While in her first year of school, she supported herself by working a full‑time job in real estate sales. She studied hard and made it through the first year. She wrote to Dr. Cheatham to tell him of her studies and her desire to serve in the mission field. She wrote in her letter, “In about six years I will be ready to serve in a mission hospital.”

Cheatham replied, “How about now? You have two masters’ degrees already and a background in teaching. Someone like you is badly needed at a mission school in Londiani, Kenya. The teachers there need the expertise you have to train them, and they need it now.”

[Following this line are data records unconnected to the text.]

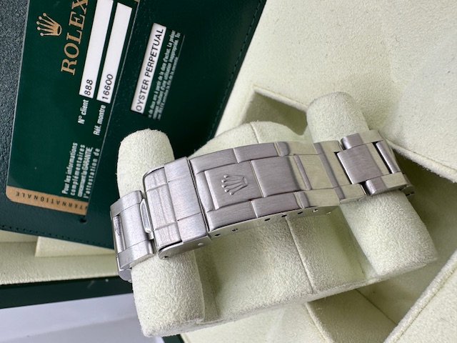 We offer for sale Rolex Seadeweller Reference 16600 Year 2007 Very Good Condition . Iconic Rolex watch, developed for divers and patented to reach a depth of 1000 metres, is in good aesthetic condition. Reference Out of production for years now, which makes it highly sought after by collectors and sure to be revalued in the future. It is sold complete with box (NO OUTER BOX), official Rolex guarantee plus our 12 month guarantee.
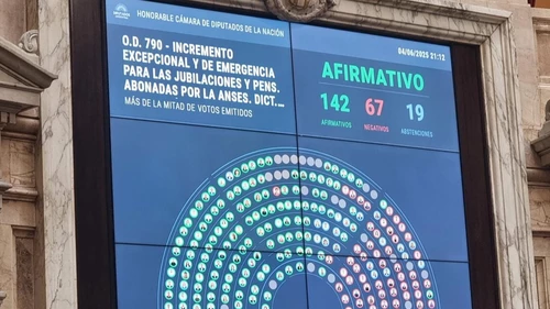 El aumento de los haberes y el bono fue aprobado con 142 votos afirmativos, 67 en contra y 19 abstenciones. Fue una contundente mayoría conformada por Unión por la Patria, el Frente de Izquierda, la Coalición Cívica, Encuentro Federal, Democracia para Siempre e Independencia. En contra votaron LLA, el PRO y bloques provinciales. La UCR se abstuvo.
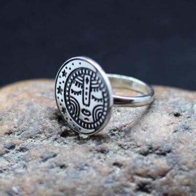 Moon sun tribal pendant. Star crescent symbol. The moon and the sun are the first mythological heroes of human culture. Just because they are so obvious every day of its existence, because every day the sun rises and every day the moon comes out. This inseparable pair, both together and separately, first appeared in the human pantheon of gods many thousands of years ago. Therefore, this is exactly how, symbolically, we decided to portray them. Without excessive naturalism, closer to the Aztecs. The change of day and night, as an eternally running symbol of life and symbolic death, is present next to a person every day. A symbol of constancy and confidence that after the night light of the moon, the sun will rise and all fears will go away, but after all, a sunny day is also short-lived like night. Close to the tribal image of the moon and the sun – a reminder of the eternal changeability but also the eternal constancy of nature. It is possible to customize with a decrease or increase size by make to order request.
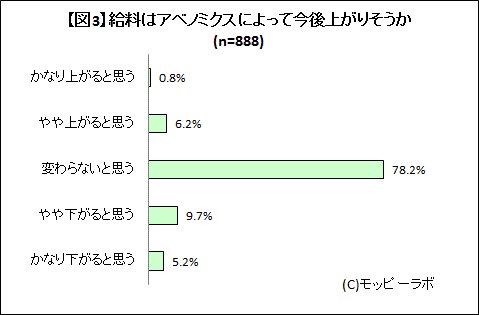 全国の男女20歳以上の就業者に「就業者に聞いた!アベノミクス意識調査」についてスマートフォンでアンケートしたところ、「給料はアベノミクスによって今後上がりそうか」という質問に対し、全体1位「変わらないと思う」(78.2%)であった(図3)。「かなり上がると思う」(0.8%)と「やや上がると思う」(6.2%)の合計よりも、「やや下がると思う」(9.7%)と「かなり下がると思う」(5.2%)の合計が7.9ポイント高く、ネガティブなイメージが若干多かった。
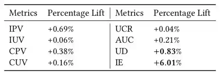 表4. 在线A/B test结果。ConcepT系统对QQ浏览器信息流业务各项指标有明显提升。其中最重要的指标曝光效率(IE)相对提升了6.01%。
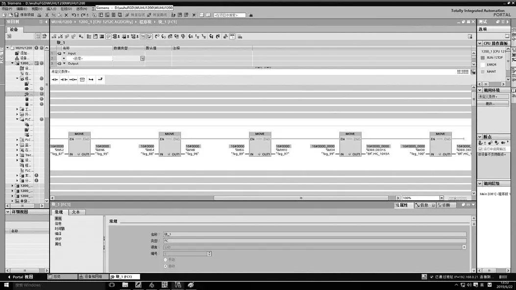 创建一个FC1 功能,将FC1 插入到OB1 运行组当中,由于我们选择不压缩模式,所以变频器例子当中的QW54,QW56 两个word 格式的字对应的是我们变频器的频率写入,IW50,IW52 两个word 格式的字对应的是我们变频器的状态字,IW54,IW56 两个word 格式的字对应的是我们变频器的频率反馈,我们无法直接将数据写入到DB 块当中,此处我们需要转换一下,才可以将这些word 格式的数据转换到我们需要的DB 共享数据块当中,这里面我们使用MOVE 来将数据转换到我们需要的
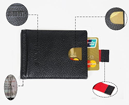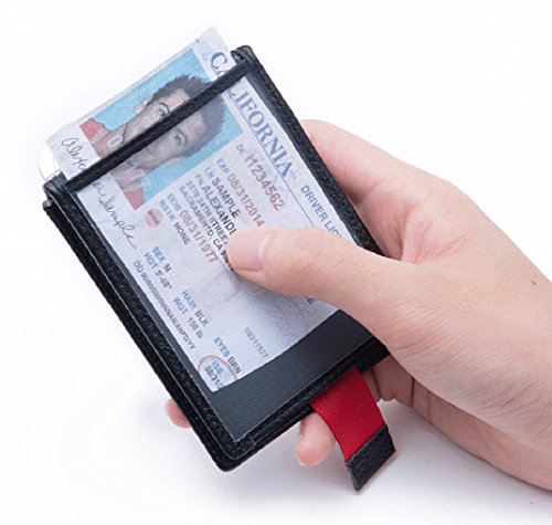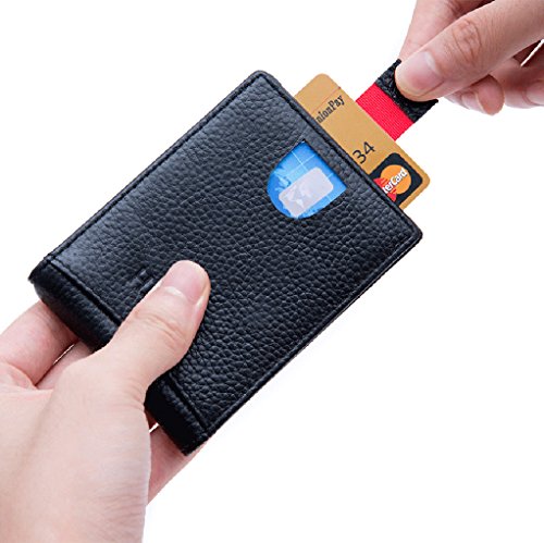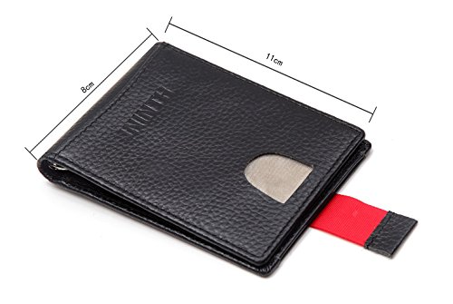 -. Feature : Innovative and practical design: you can have access to all cards simply by pulling out the red strap, Just insert the cards into the slots and the strap will go inside as well. We used a very solid metal money clip for making sure the cash section durable / Super slim: Size 11 cm X 8 cm / 4.33" x 3.15", extremely convenient to be carried around in your pocket / With High Quality Genuine Leather and good stitching, the wallet is soft and feel good. It is durable, all edges are expertly oiled to prevent the materials from fraying / With RFID blocking layer, Keep your personal information safety; protect your credit/bank card/ID card information from being remotely read by RFID scanners / Back Guarantee - We accept free full refund within 90 days of purchase of the product, whichever you prefer
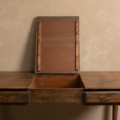 Handcrafted from solid teak and sourced from Rajasthan, this Anglo Indian Colonial desk combines authentic heritage with everyday versatility. Two brass-handled drawers provide practical storage, while the naturally aged wood finish showcases the character of genuine craftsmanship.  Complete with a built in - lift up, lidded storage area.  Great for storing your work papers or storing napkins etc. should you like to use this as a dining table;
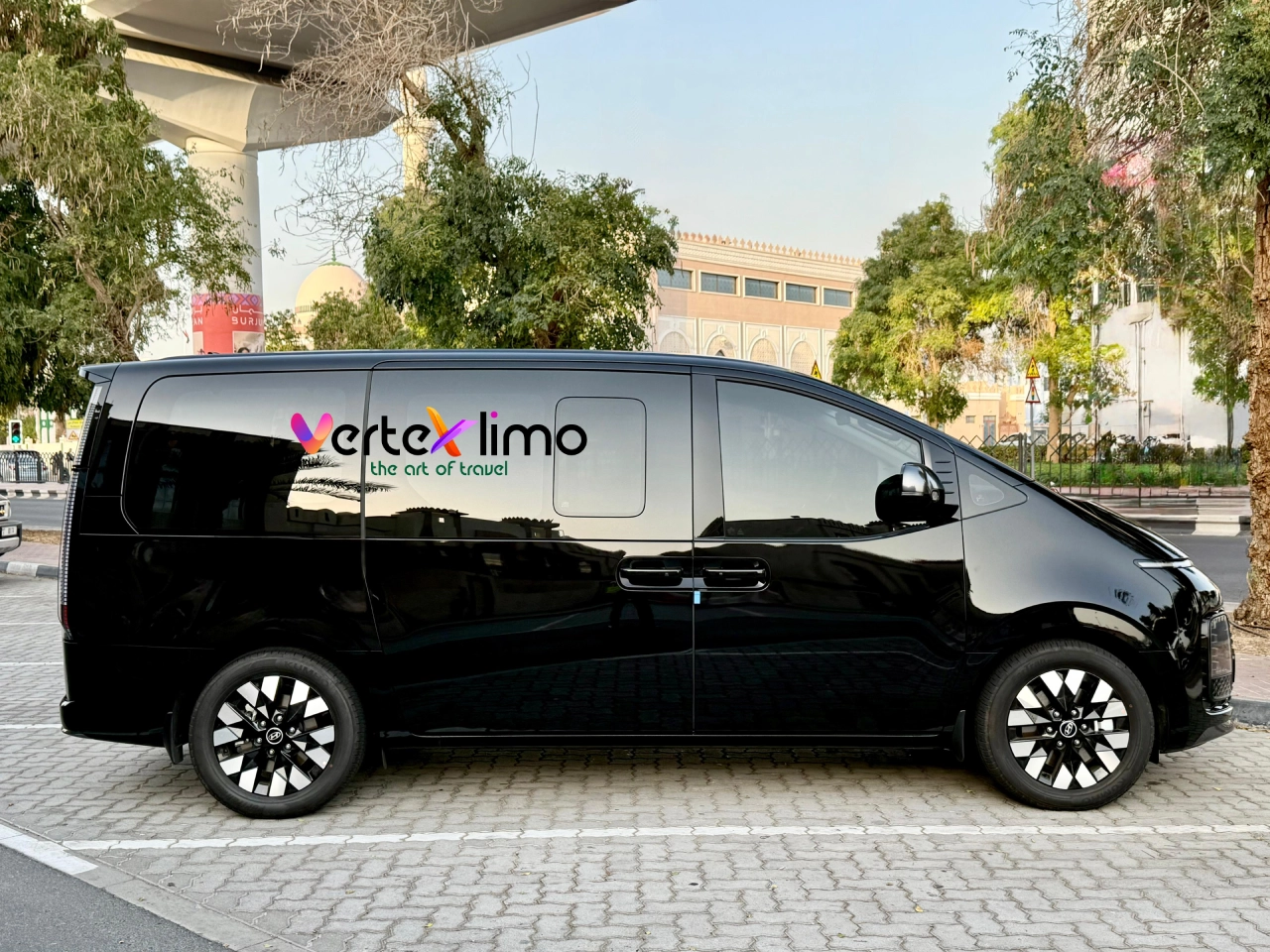 Experience next-level travel with the Hyundai Staria (8-seater) โ a modern MPV designed for family getaways, small tour groups, and corporate teams. Whether youโre heading to the airport, a hotel, or exploring Dubai, the Staria offers comfort, style, and convenience โ all with a professional VertexLimo chauffeur at the wheel.
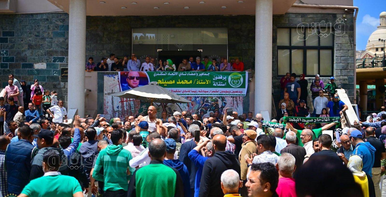 شهد نادي الاتحاد السكندري بفرعيه الرئيسي بالشاطبي وسموحة، تواجد عدد كبير من أعضاء النادي في مظاهرة لإعلان رفضهم لاستقالة محمد مصيلحى رئيس النادي الذي قدمها لوزير الشباب والرياضة أول أمس، بعد اخفاق فريق السلة من الحصول علي البطولة الأخيرة وتعثر استكمال فرع سموحة وتعثر فريق كرة القدم في الدوري.

Now? Kenya? she gulped. Barb says that, being a person who is used to the finer things in life and who takes germs very seriously, she had visions of tribal warfare, genocide, natives on the rampage, AIDS, malaria, the Ebola virus, and all sorts of other things. Still, she managed enough courage to ask the next question: “Where is this Londiani?” She found Londiani was a small village in western Kenya. Another Christian missionary was already there and had started the school. She was now building a medical clinic and dreamed of starting a small hospital.

Barb decided this was where she needed to be. However, when she announced to her grown children, “I am going to the jungle this summer to work as a missionary,” they were not encouraging. “You know, you’re losing it, Mother,” one said. Another commented, “I’m proud of you. Mom, but can’t you do something nice and safe that is a little bit closer to home than East Africa?” Another questioned her wisdom. “I don’t want you to die,” said this offspring.

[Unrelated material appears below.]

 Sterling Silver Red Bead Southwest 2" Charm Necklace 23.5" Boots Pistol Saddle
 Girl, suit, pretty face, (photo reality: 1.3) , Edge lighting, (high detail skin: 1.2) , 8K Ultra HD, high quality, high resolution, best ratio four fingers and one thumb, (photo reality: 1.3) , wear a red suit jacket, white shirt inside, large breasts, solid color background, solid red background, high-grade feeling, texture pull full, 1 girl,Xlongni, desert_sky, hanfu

Barb finally blurted out, “I tried to teach you how to live, and now I am going to teach you how to die.” (5)

Well, of course, not everyone who goes as a missionary to Africa ends up dying there. But Barb had settled in her own mind that, if this was required of her, she was willing to pay the price.

Barb wasn’t a wimp by any stretch of the imagination. She was a woman of courage, the kind of woman, the kind of person that God is looking for. Jesus didn’t scold his disciples for having great dreams, for wanting to be the best, the greatest. Ambition can be a very useful tool for motivating us to be all we can be. Christ wanted his disciples to understand that being greatest in the kingdom of God meant a total commitment to serving all God’s children.

It is interesting that while they were still trying to digest this teaching, Jesus took a little child and placed that child before them. Taking the child into his arms, he said to them, “Whoever welcomes one of these little children in my name welcomes me; and whoever welcomes me does not welcome me but the one who sent me.”

Part of serving Christ is helping create the kind of world that is safe for all the world’s children making sure that children in our own community and around the world get the kind of help they need, whether it is food or medicine or education, whatever they need to thrive. If you want to be the greatest, commit your life to serving the least and the lowest.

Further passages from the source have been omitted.